When you love someone who is struggling, you want to do anything you can to wipe the hurt away. However, we often enable a loved one’s destructive behavior without realizing it because we think we’re helping them.

Enabling is facilitating the progression of a problem by protecting others from the consequences of their own actions. That means that by paying the bills, making excuses or shouldering responsibilities—all which seem loving and helpful—you are actually implicitly condoning destructive behavior and encouraging denial. In essence, enabling prolongs the cycle of addiction and prevents the solution.

So, how can you truly help your loved one? How can you use your resources to influence them to get help instead of enabling them? How can you protect them without protecting the addiction?

Tough Love: Detach yourself from the problem

According to Love Does, detachment is the opposite of enabling. Detachment simply means we stop managing the alcoholic’s problems.

When we are focused on the alcoholic, we are focused on the problem. As long as our energy is spent managing the addiction, we are part of the problem. Detaching from the problem opens the door to solutions.

This type of detachment, however, is an action that takes both wisdom and courage—wisdom to recognize the real problem and courage to stop trying to “fix” it. When we enable, we are enabling from fear that their lives will crumble if we don’t help the alcoholic or addict. When we detach, we view the consequences as an opportunity to propel them toward treatment.

Sample Scenario

Suppose your child calls you up after being kicked out of his apartment, desperate for a place to stay for the night.
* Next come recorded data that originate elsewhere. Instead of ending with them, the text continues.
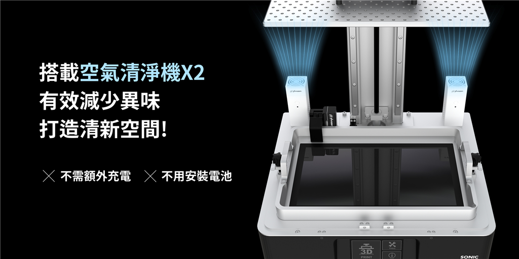 全新配備兩個可拆式空氣清淨機,不需額外充電也不用安裝電池,插上機臺即可使用,有效消除列印時產(chǎn)生的異味,雙倍舒適、雙倍清新!
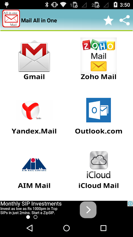 Mail All in One is a must have app for all E-Mail ,Mail users. As its name suggests it contains all popular mail provider sites and one can access his/her favorite mail media such as Gmail , Hotmail, Zoho etc. through this app.
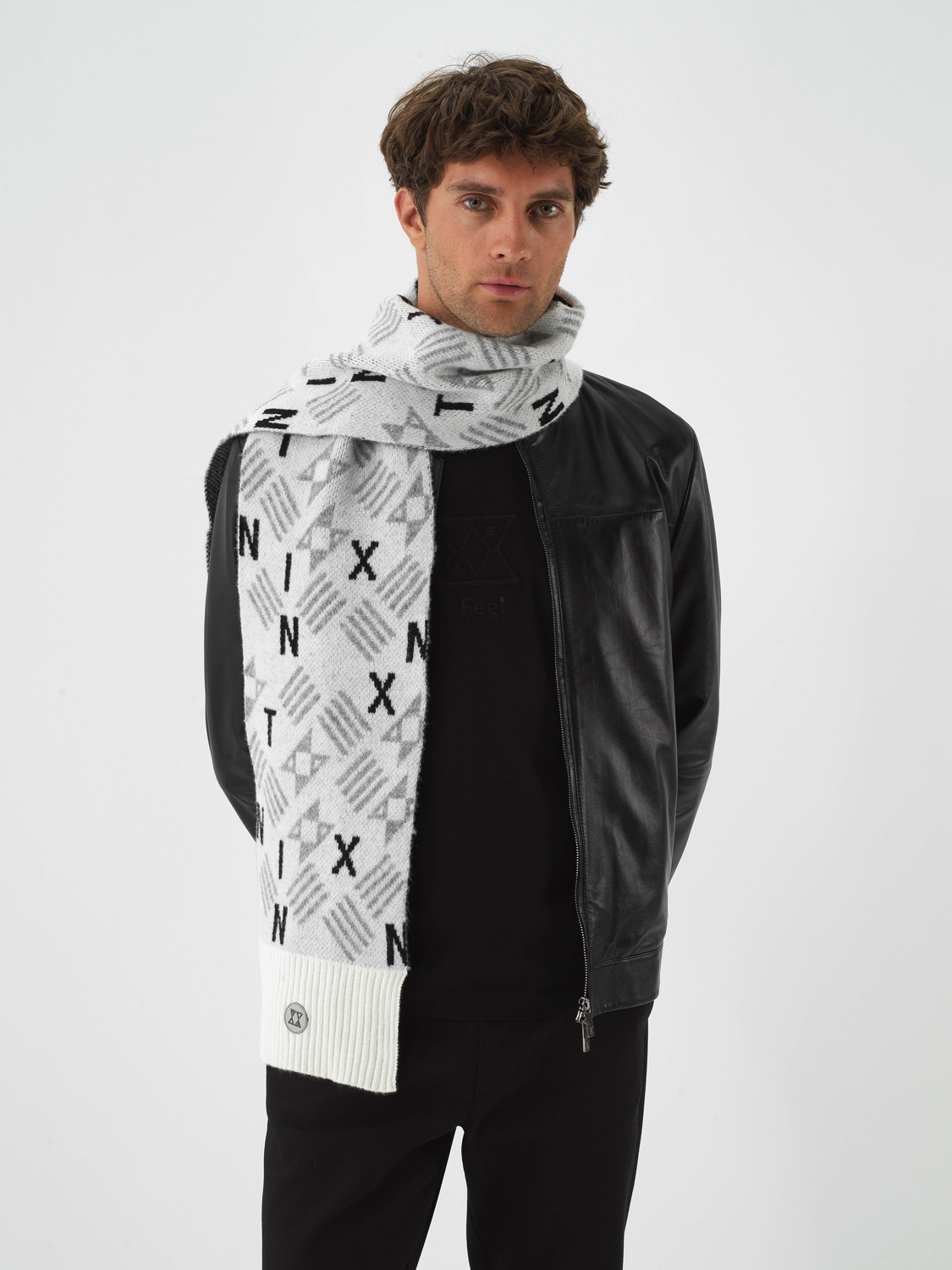 Ekru Doğal Yün Dokulu Standart Fit Atkı - Xint
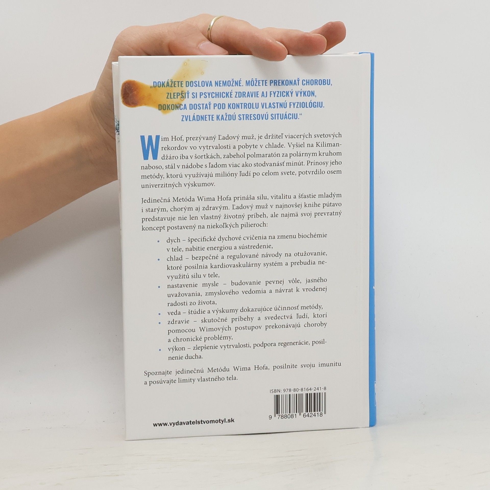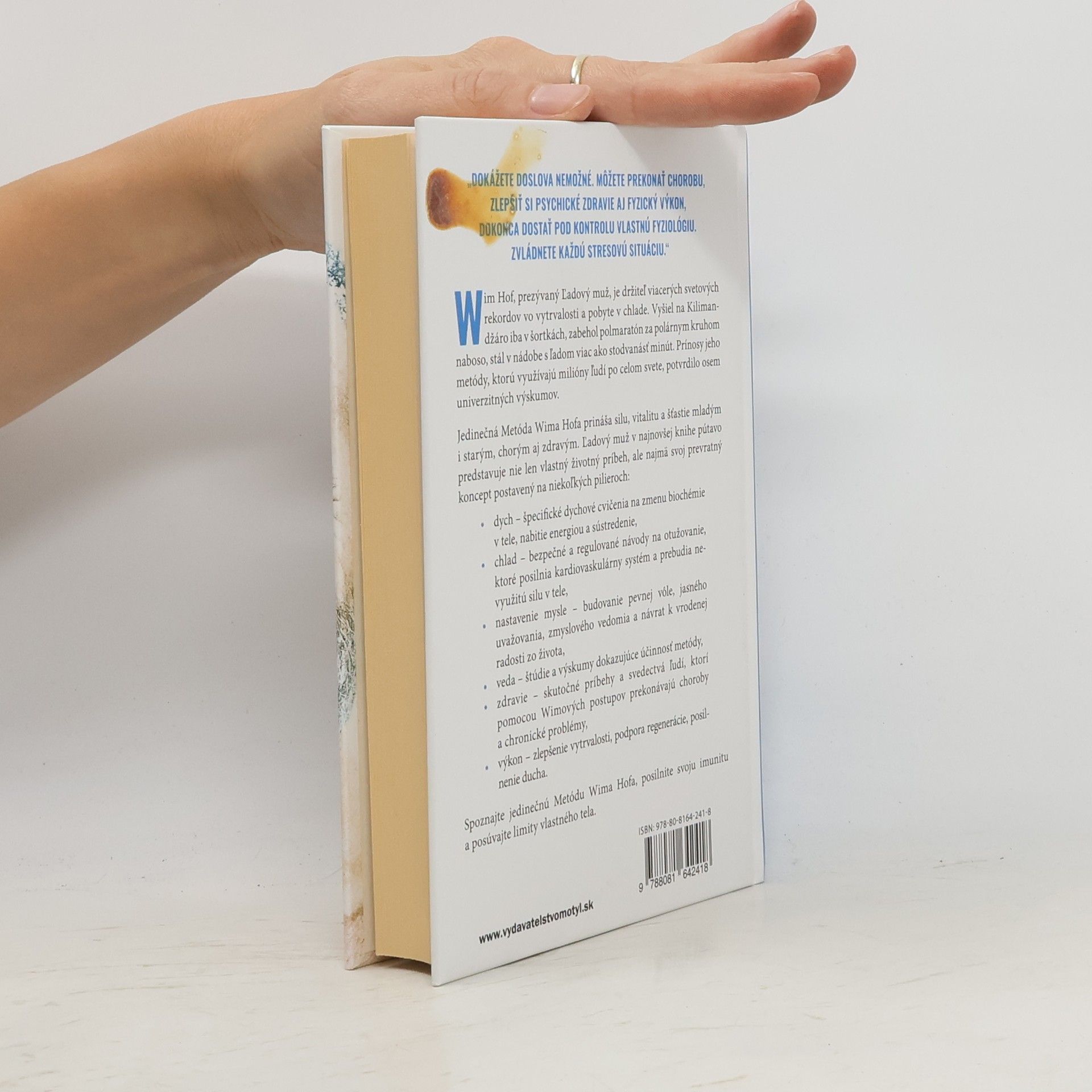„Dokážete doslova nemožné. Môžete prekonať chorobu, zlepšiť si psychické zdravie aj fyzický výkon, dokonca dostať pod kontrolu vlastnú fyziológiu. Zvládnete každú stresovú situáciu. “ Wim Hof, prezývaný Ľadový muž, je držiteľ viacerých svetových rekordov vo vytrvalosti a pobyte v chlade. Vyšiel na Kilimandžáro iba v šortkách, zabehol polmaratón za polárnym kruhom naboso, stál v nádobe s ľadom viac ako stodvanásť minút. Prínosy jeho metódy, ktorú využívajú milióny ľudí po celom svete, potvrdilo osem univerzitných výskumov.
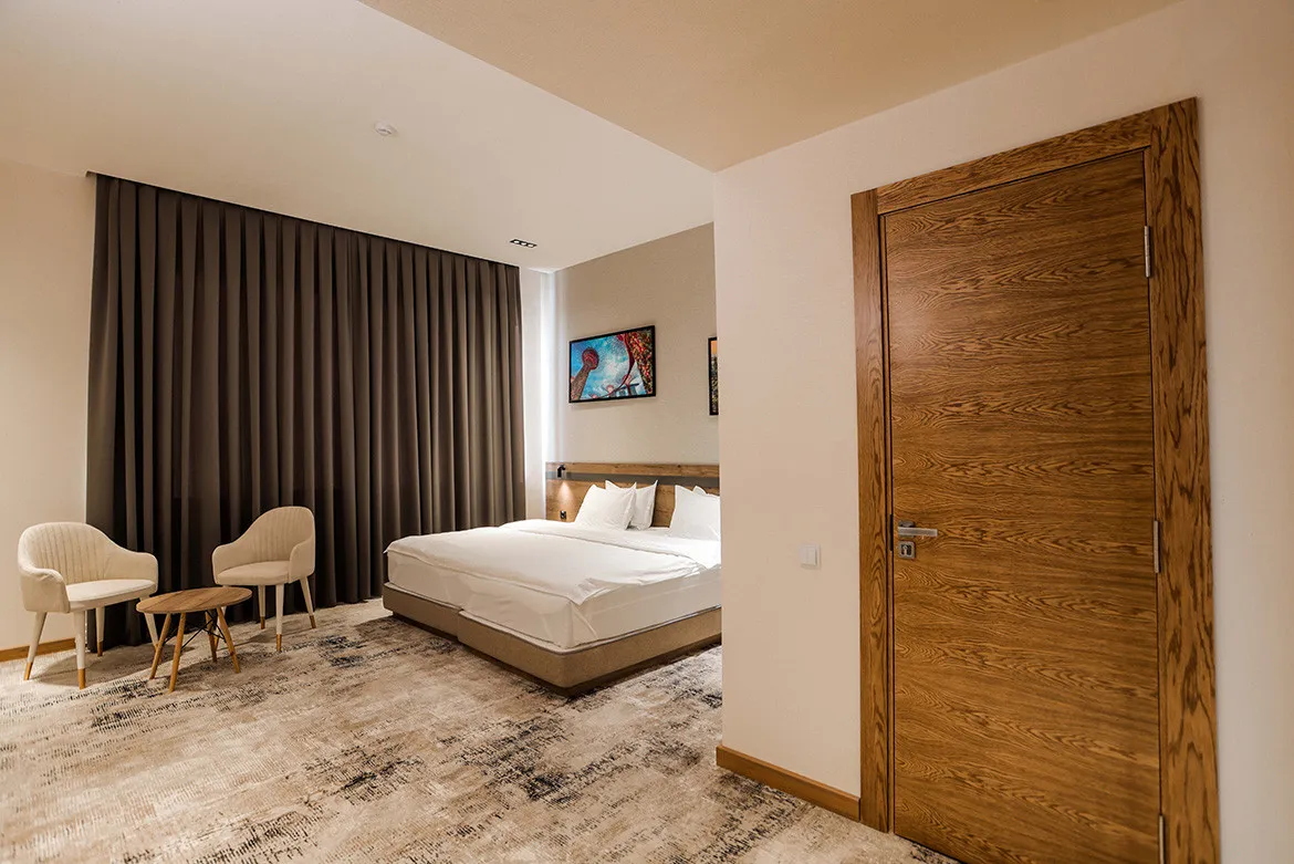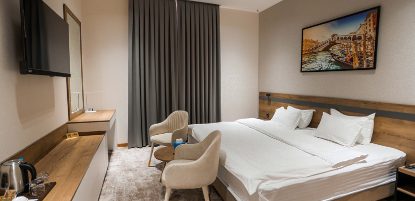 Номерной фонд включает комфортные комнаты с современным оснащением. Предусмотрены бесплатный Wi-Fi, телевидение, ежедневная уборка и все необходимые условия для спокойного отдыха и продуктивного пребывания.
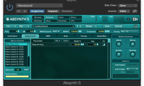 Ziel Mit den Macro Controls von Native Instruments Absynth kannst du beliebige Parameter des Softsynths externen MIDI-Controllern zuweisen. Damit ergeben sich neue, interaktive Möglichkeiten für Live-Performances, Sound Design und Producing. In diesem Tutorial zeigen wir dir Schritt für Schritt, wie du dein MIDI-Keyboard in einen Absynth-Synthesizer verwandeln kannst. 1. Patch erstellen oder laden Erstelle in […]
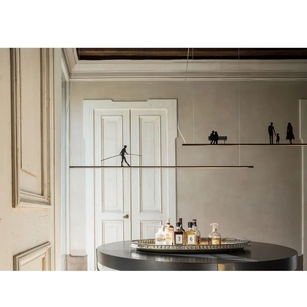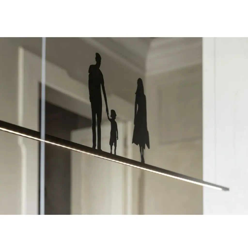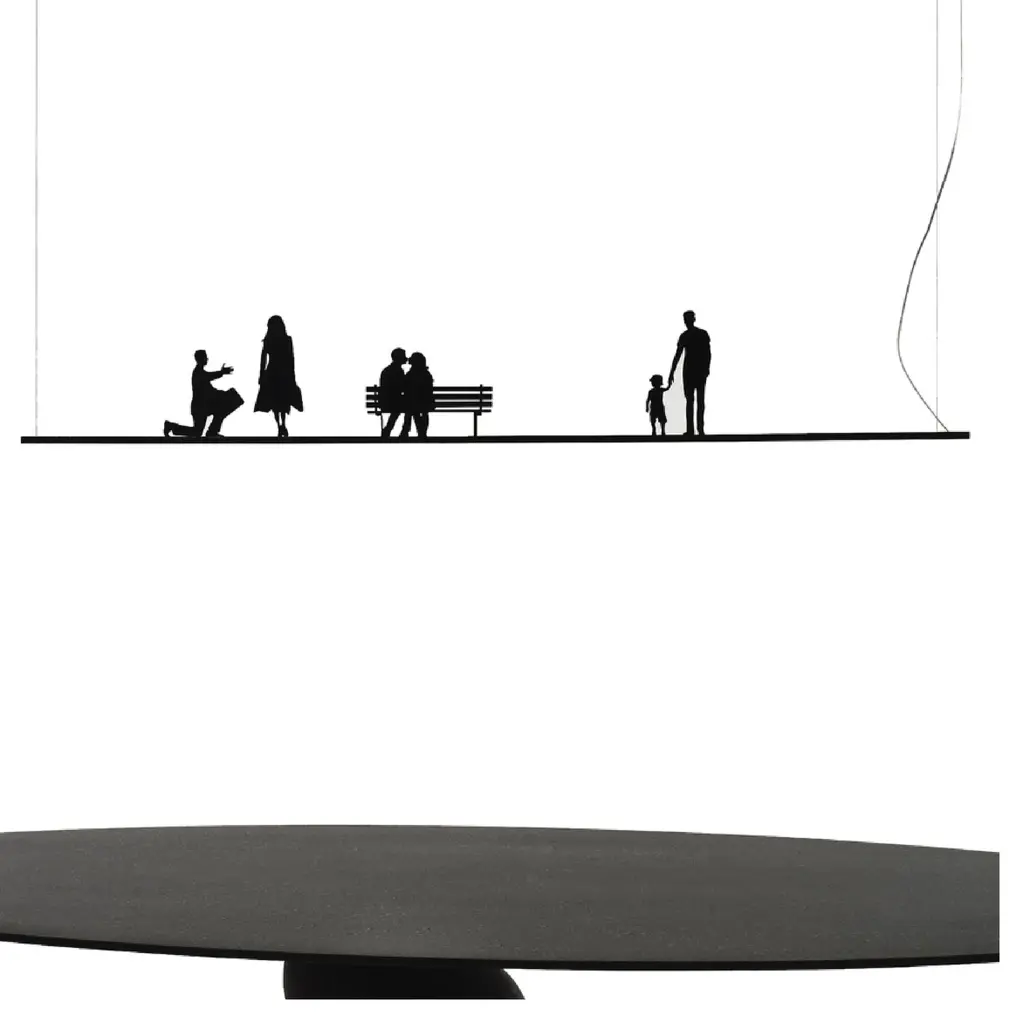 Introducing Phil, the Backlit Silhouette Hanging Lamp from Mogg. This black metal suspension lamp features a unique design with backlit silhouettes that tell captivating stories. Its LED light provides 3300 lumens of warm light to create a cozy atmosphere. Choose from 3 different decoration sets to personalize your space. Elevate your home decor with this exclusive piece.

Although your knee-jerk reaction is to rescue him, detachment will prompt you to step back from the problem and ask yourself, “What choices do I have?”

Here is a sample response:

“Son, I love you very much and I want to help you. But I’ve seen the effect drugs have on your life and I don’t want to see where this addiction will take you should you continue to use. Moving back home is only a temporary solution. I will be happy to have you home only if you agree to commit to internal change by seeking professional help and treatment. Will you be willing to accept treatment as a solution to your problem?”

If he says no, stop trying to convince him further. Simply say,

“It is your choice. If you change your mind, call me. I am willing to help, but only in the right way.”

Even if he refuses help, you know that you did the right thing: you’ve approached him with love, offered help, resisted enabling the disease and left the door open for him to change his mind.

Although it is heart-wrenching to return these responsibilities to the hands of our loved ones for fear of what might happen to them, sometimes this might be just what they need to hear in order to truly help them. Letting them see the natural consequences of their addiction may be just what they need to break the walls of denial.